To add a distribution, we have to find the line containing let distributions =
. The existing distributions can be used for reference. The first argument defines the kind of function we want to add. The second argument is the base function name without the _...
suffixes. The third argument specifies the argument types of the function. The last argument describes the memory pattern supported by this function, either an Array of Structs (AoS) or a Struct of Arrays (SoA). The following line exposes a function foo_lpdf
which takes in a (non-vectorizable) real number and a (non-vectorizable) integer :
; ([Lpdf], "foo", [DReal; DInt], SoA)
To see the exact signatures created, we can recompile stanc using make all
and display the signatures using stanc --dump-stan-math-signatures
. By filtering for foo
(for example by using grep
), we get the following output:
$ stanc --dump-stan-math-signatures | grep foo
foo_lpdf(real, int) => real
If we want to allow the first parameter to be vectorizable, we can change the signature to
; ([Lpdf], "foo", [DVReal; DReal], SoA)
This produces the following signatures:
$ stanc --dump-stan-math-signatures | grep foo
foo_lpdf(real, int) => real
foo_lpdf(vector, int) => real
foo_lpdf(row_vector, int) => real
foo_lpdf(array[] real, int) => real
As we can see, allowing a parameter to be vectorized automatically produces signatures where the parameter is either base type
, vector
, row_vector
or array[]
.
The following parameter types are available:
DInt
: Scalar integer -> int
DReal
: Scalar real number -> real
DVector
: Vector -> vector
DMatrix
: Matrix -> matrix
DIntArray
: Integer array -> array[] int
DVInt
: Vectorizable integer -> int; array[] int
DVReal
: Vectorizable real number -> real; vector; row_vector; array[] real
DVectors
: Vectorizable vectors (for multivariate functions) -> vector, row_vector, array[] vector, array[] row_vector
DDeepVectorized
: all base types with up to 8 levels of nested containers)As we have seen above, specifying our function as [Lpdf]
added the suffix _lpdf
to our base function name.
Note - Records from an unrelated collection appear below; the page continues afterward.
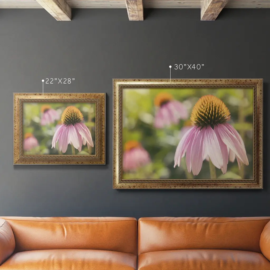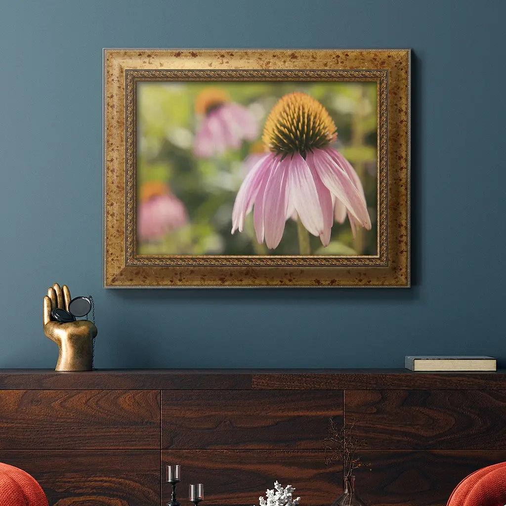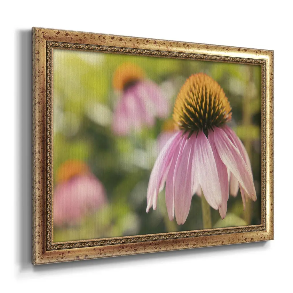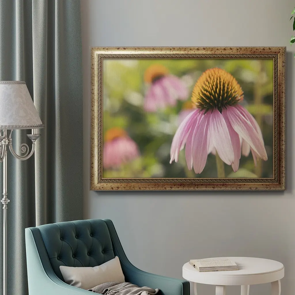 Echinacea Study I Premium Framed Canvas- Ready to Hang A Premium Framed Canvas created to last. Framed in distressed wood and available in an array of sizes and colors Featuring a beveled a solid wood stretcher bar, each piece comes ready to hand 3 SIZES AVAILABLE 16''X20'' - Overall Size 18'X27'' - Overall Size 24''x36'' - Overall Size Each piece is made to order. Each piece comes with hanging hardware. Made in the USA Ready to Hang Giclee Paper Print Acrylic Glass Beveled Matt Board
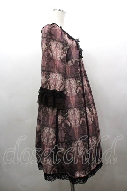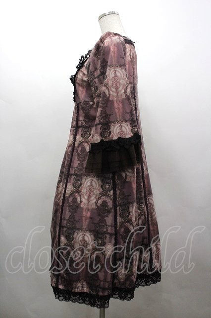 OZZ ANGELO / 胸元レース&総柄半袖ワンピース ボルドー I-26-03-16-086-OO-OP-SA-ZI [2100060000052436-I-26-03-16-086-OO-OP-SA-ZI]
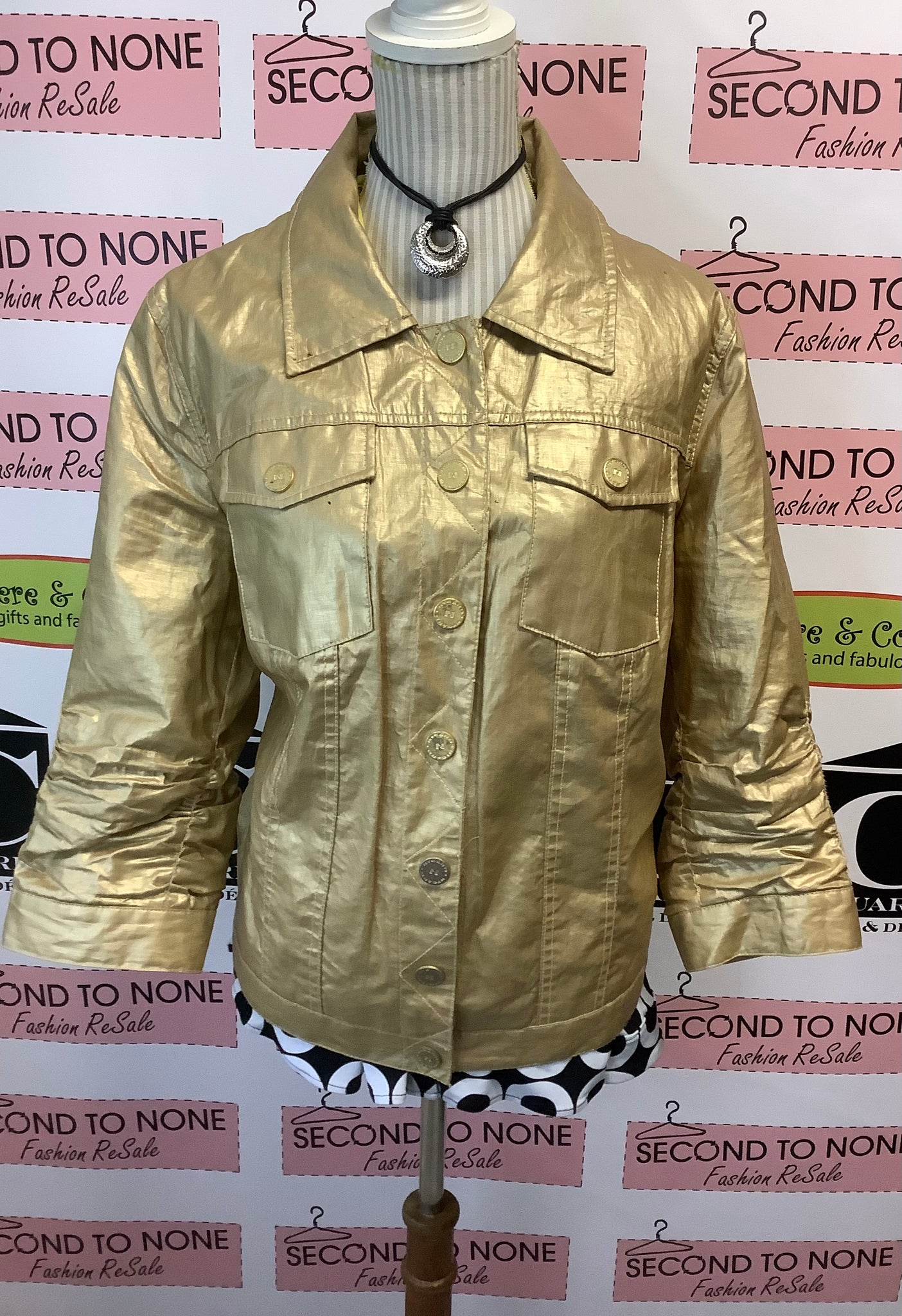 Step into the spotlight with this eye-catching Nygard Golden Metallic Jacket. Designed for petite frames (S/M), this 80s-inspired statement piece features long sleeves, a stylish collar, and convenient snap buttons. The luxurious cheetah lining adds an unexpected twist, while two front chest pockets offer functionality. Golden buttons and star accents create a funky, shimmering effect that demands attention. Pair with your favorite top for an unforgettable retro look that turns heads everywhere you go.
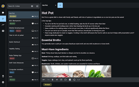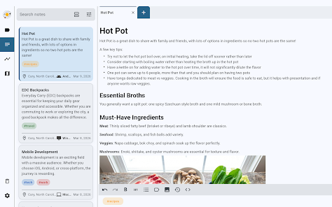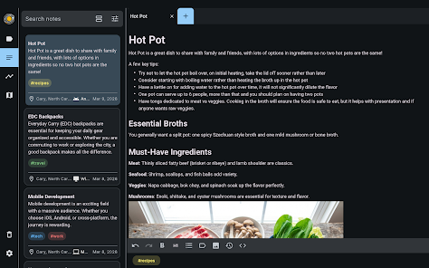 MemNote provides a fast, lightweight mobile experience with offline-first reliability. Context logging passively records location, time, and device for each entry. Browseable map and timeline views help you find notes by place or moment in addition to full-text search. Native Markdown with LaTeX extensions is supported and you can export an organized ZIP that retains attachments and YAML front-matter. Cross-platform synchronization uses encrypted backups while keeping search and storage local for performance.
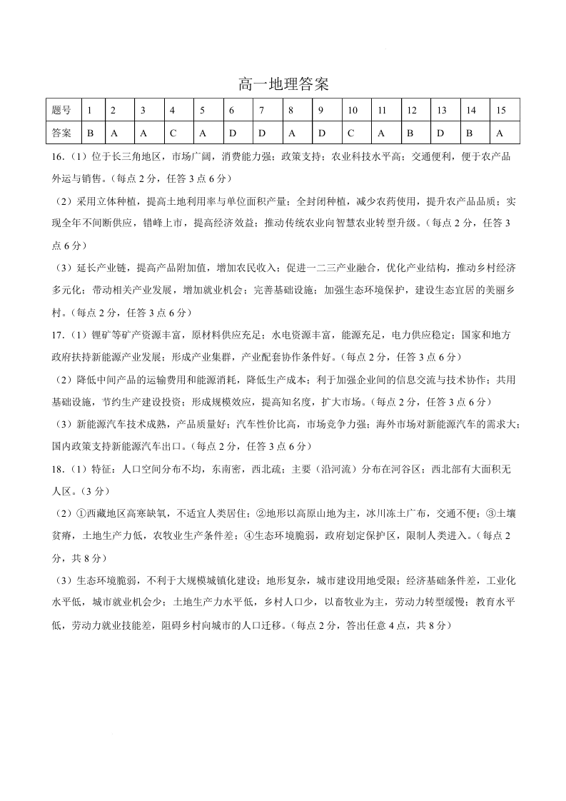 高一地理答案--湖北省鄂北六校2025-2026学年高一下学期期中联考
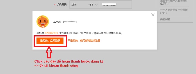 Chú ý: Chỉ với 1 tài khoản này, quý khách có thể đăng nhập đồng thời tại web 1688.com, kể cả website tmall.com và taobao.com.
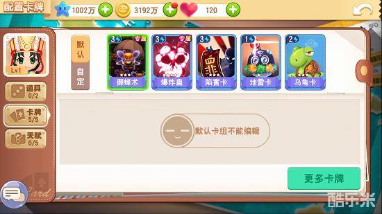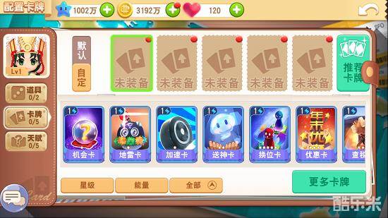 在大富翁9手游中,我们可以看到每个角色可佩戴5张卡牌。不同的角色有属于他自己的默认卡组。
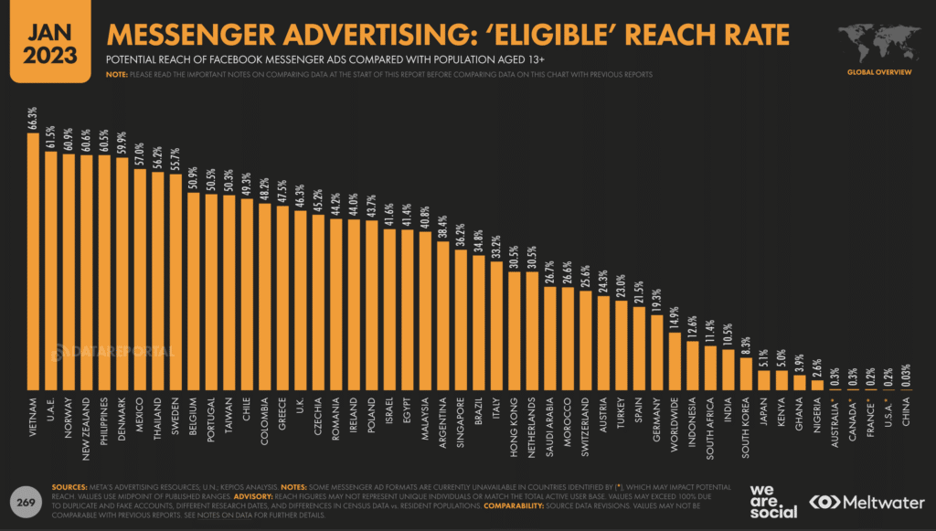 Opmerkelijk is dat de top vier bestaat uit de vier Meta-groepsplatforms (Facebook, Whatsapp, Messenger en Instagram).
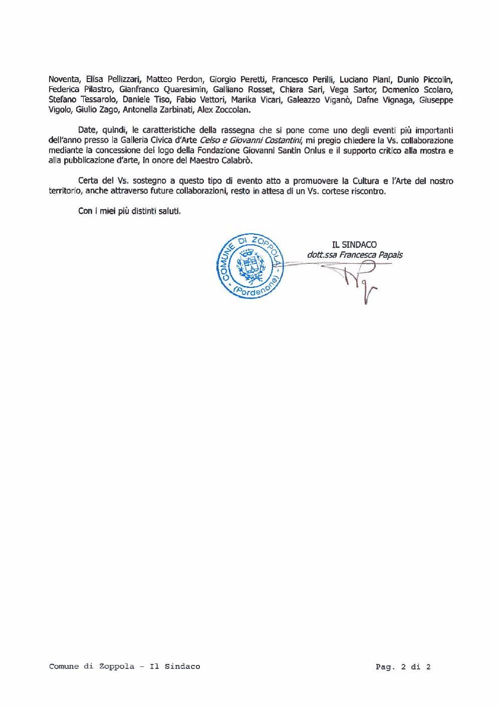 L’Associazione Amici della galleria del Cardinale Costantini e l’Assessorato alla Cultura del Comune di Zoppola, insieme a tutti gli artisti presenti con le loro opere (inserire elenco) vanno ringraziati per l’apporto dato al progetto e alla sua esecuzione, testimonianza di quanto sia importante la collaborazione nel presente contemporaneo,  sempre più rivolto verso un percorso luminoso di cambiamento, che avviene attraverso ogni gesto, ogni scelta, ogni momento vissuto con l’arte.
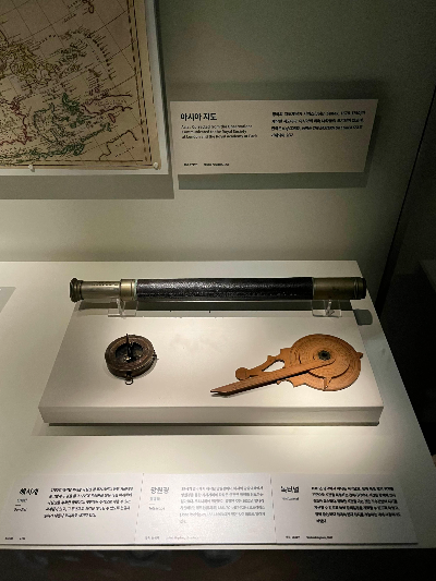영국에서 제작된 아시아 지도, 망원경, 녹터널 등이 전시되어 있었어요.
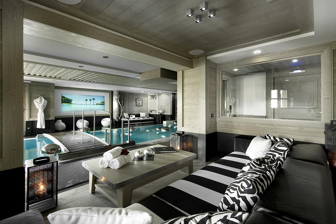 Suite Chalet Panmah has 4 different levels. The chalet can welcome 10 people in 5 bedrooms, each with en-suite bathroom. Private indoor pool with jet-stream and waterfalls. Private ski room. A butler, housekeepers and a chef are at the exclusive disposal of chalet occupants throughout their stay.
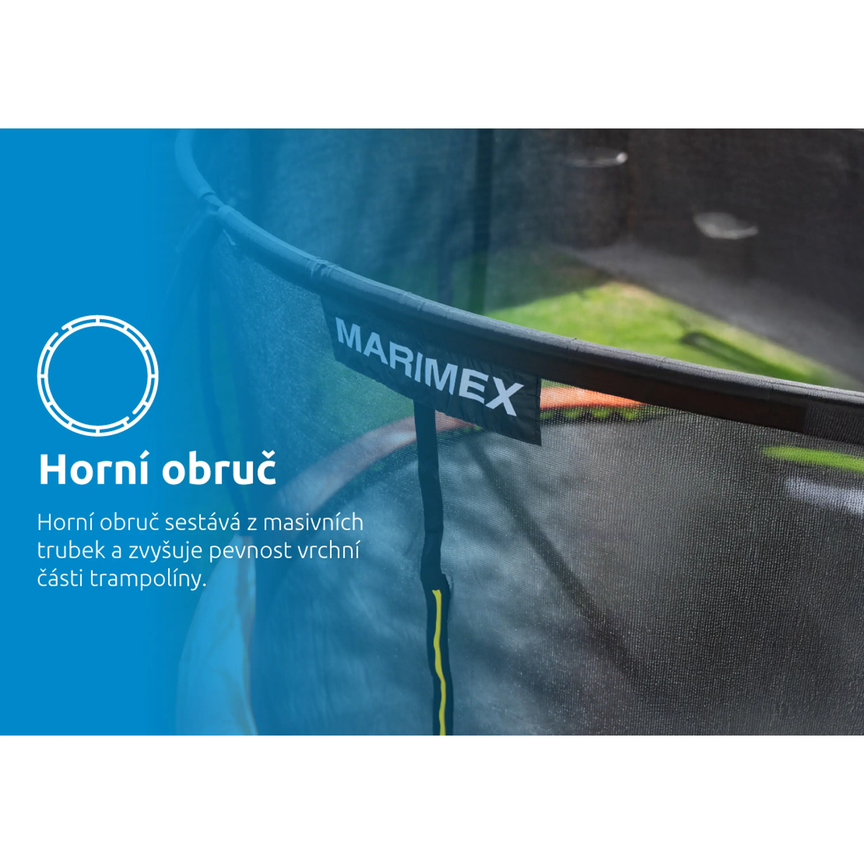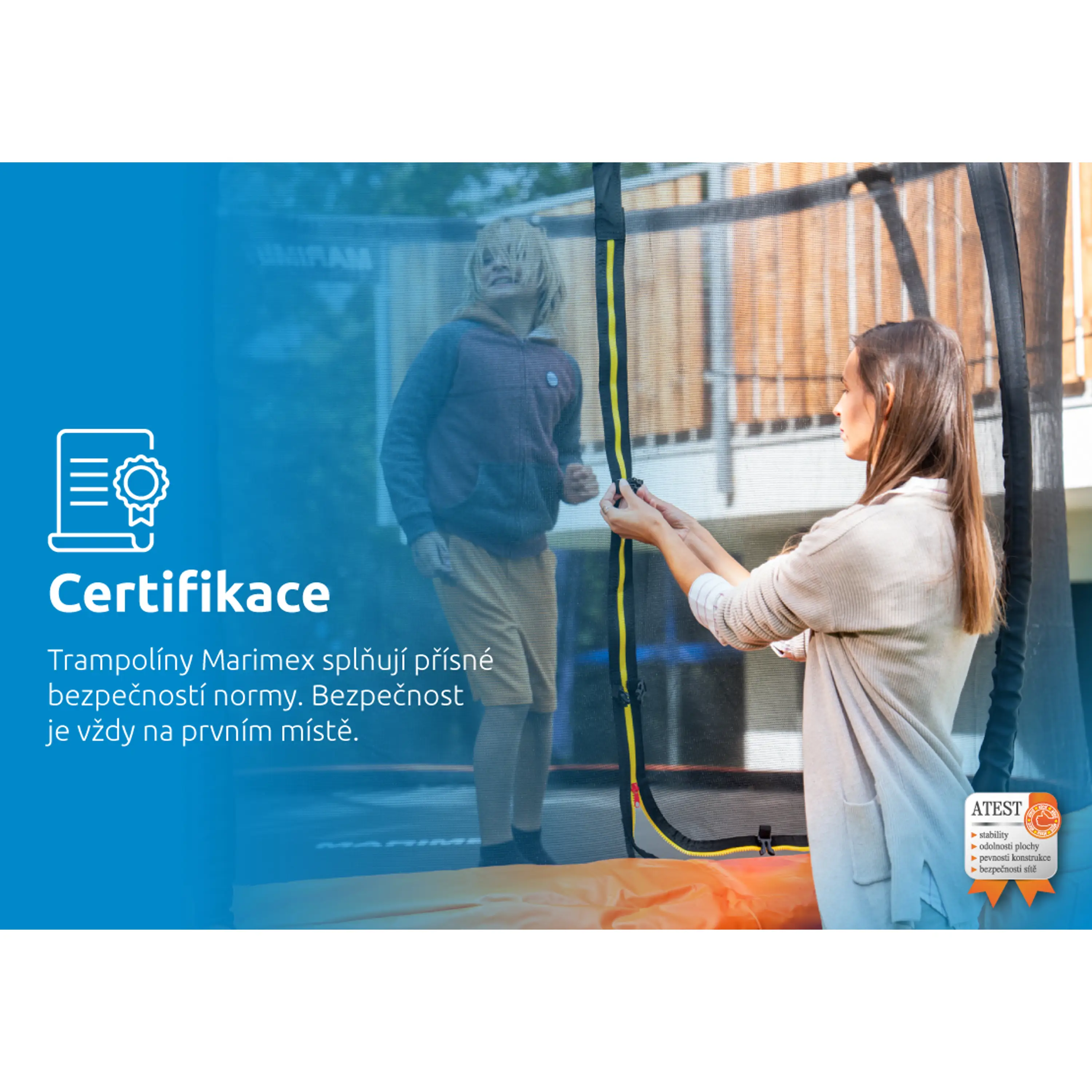 Prémiová řada se vyznačuje elipsovitým tvarem stojen, který spolu s polstrovanými návleky výrazně snižuje riziko kontaktu s rámem. Klíčovým prvkem je také vnitřní ochranná síť bránící vypadnutí mimo skákací plochu a zamezující šlápnutí do oblasti pružin. Bezpečnost zvyšuje i řada dalších detailů, jako pružiny skryté pod ochranným krytem, protiskluzové schůdky, úprava skákací plochy zabraňující odření pokožky i vstup zajištěný pomocí zipu a přezek. Každá část konstrukce je navržena s důrazem na bezpečnost, která je pro Marimex absolutní prioritou. S tím souvisí i splnění přísných bezpečnostních norem.
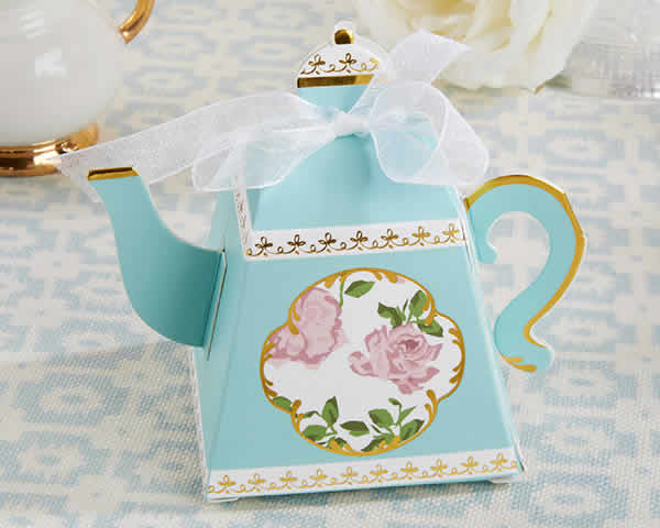 - Aqua teapot-shaped cardstock favor box with 3-D spout and handle features a delicate floral design in the center of the teapot, gold foil details, and a white organza ribbon

There are several types available which specify the suffixes that will be added:
Lpmf
: _lpmf
Lpdf
: _lpdf
Rng
: _rng
Cdf
: _cdf, _lcdf
Ccdf
: _lccdf
Additionally, full_lpdf
combines all suffixes of Lpdf
, Rng
, Ccdf
and Cdf
. full_lpmf
does the same, but using the suffixes of Lpmf
instead of Lpdf
. Note that these two have to be used without brackets. This means we would write
; ([Cdf], "foo", [DReal; DInt], SoA)
but
; (full_lpdf, "foo", [DReal; DInt], SoA)
which corresponds to
; ([Lpdf; Rng; Ccdf; Cdf], "foo", [DReal; DInt], SoA)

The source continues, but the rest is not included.